Mr. Paul A. Lenzini, Washington, D.C., with whom Mr. Martin L. Friedman, Washington, D.C. (both appointed by this court) was on the brief, for appellant.
Mr. William H. Willcox, Asst. U.S. Atty., with whom Mr. David C. Acheson, U.S. Atty., and Mr. Frank Q. Nebeker and Miss Barbara A. Lindemann, Asst. U.S. Attys., were on the brief, for appellee. Mr. B. Michael Rauh, Asst. U.S. Atty., also entered an appearance for appellee.
Before PRETTYMAN, Senior Circuit Judge, and BASTIAN and McGOWAN, Circuit Judges.
Appellant was convicted on a two-count indictment for taking indecent liberties with a minor child. He claims several errors were committed by the trial court. Only one needs to be discussed. Appellant says the court erred in instructing in the language of the statute, telling the jury that one element of the offense was that the defendant "[took], or attempt[ed] to take" indecent liberties. Appellant says taking and attempting to take are two separate offenses and that this should have been made clear to the jury. He cites People v. Crane. But, in the first place, no objection was made in the trial court to the instruction. And, in the second place, the penalty under the statute for an attempt is the same as that for a taking, even if the two are regarded as separate offenses.

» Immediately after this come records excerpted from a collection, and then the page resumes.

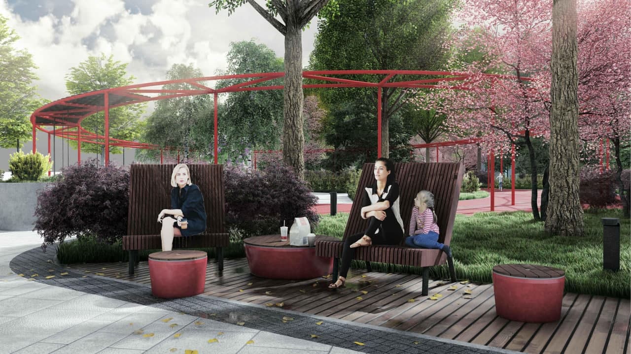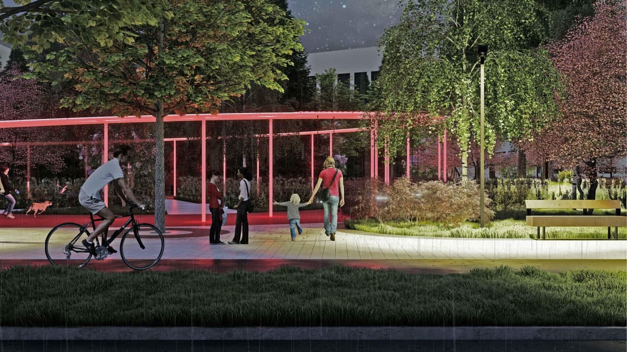 «На этом месте появится спортивное ядро: воркаут-площадка, боул (бетонная конструкция для скейтеров), мини-трибуна, а также много новых газонов с деревьями и кустарниками. Главные пешеходные пути освободятся от машин, и по краю тротуара вдоль улицы Труда расположится транзитная велодорожка. Прилегающая к ДС зеленая территория превратится в уголок природы с прогулочными дорожками и уютными местами, где есть столы для пинг-понга и настольных игр», – комментируют в управлении.
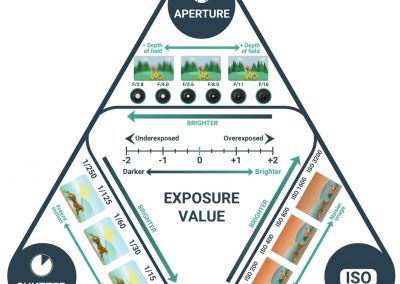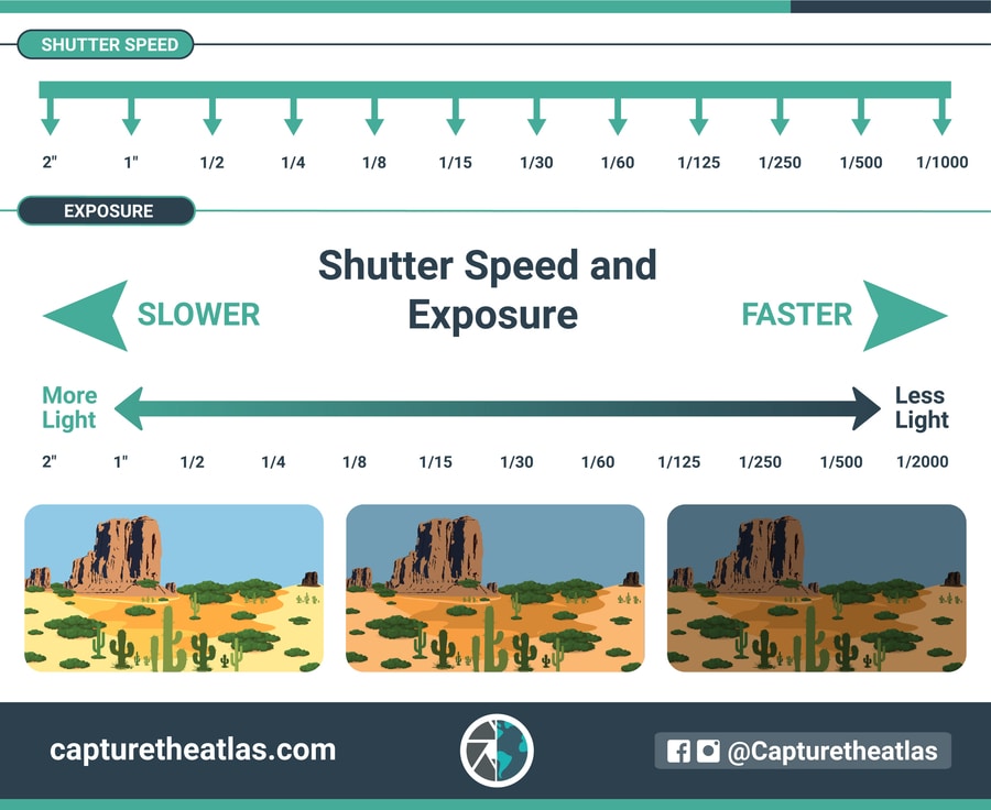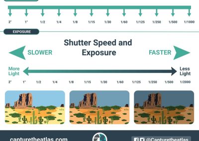 - Example: 1/1000 sec freezing sports vs 1/10 sec creating motion blur in water.
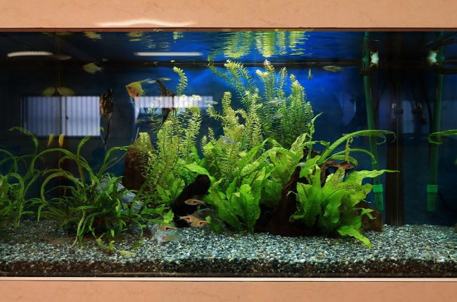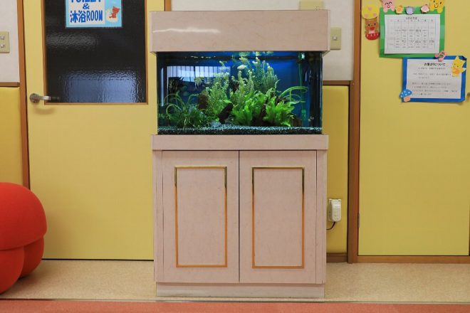 ここは地域子育て支援のための施設。水槽が置かれていたのは1階のスペース。しかもこちらは90㎝。この日は、さっきの水槽のように季節を意識したデコレーションは施されていませんでしたが、水草のみであしらった潤いのある水草水槽でした。

The sentence given appellant was well within the statutory prescription. Thus no substantial right seems to have been affected in any realistic sense, even if the instruction was erroneous. In the third place, the evidence of guilt in this case was overwhelming.
62 Stat. 347 (1948), D.C. Code, § 22-3501(a) (1961 ed.).
302 Ill. 217, 134 N.E. 99 (1922).
McQuaid v. United States, 90 U.S.App. D.C. 59, 193 F.2d 696 (D.C. Cir. 1951).
Affirmed.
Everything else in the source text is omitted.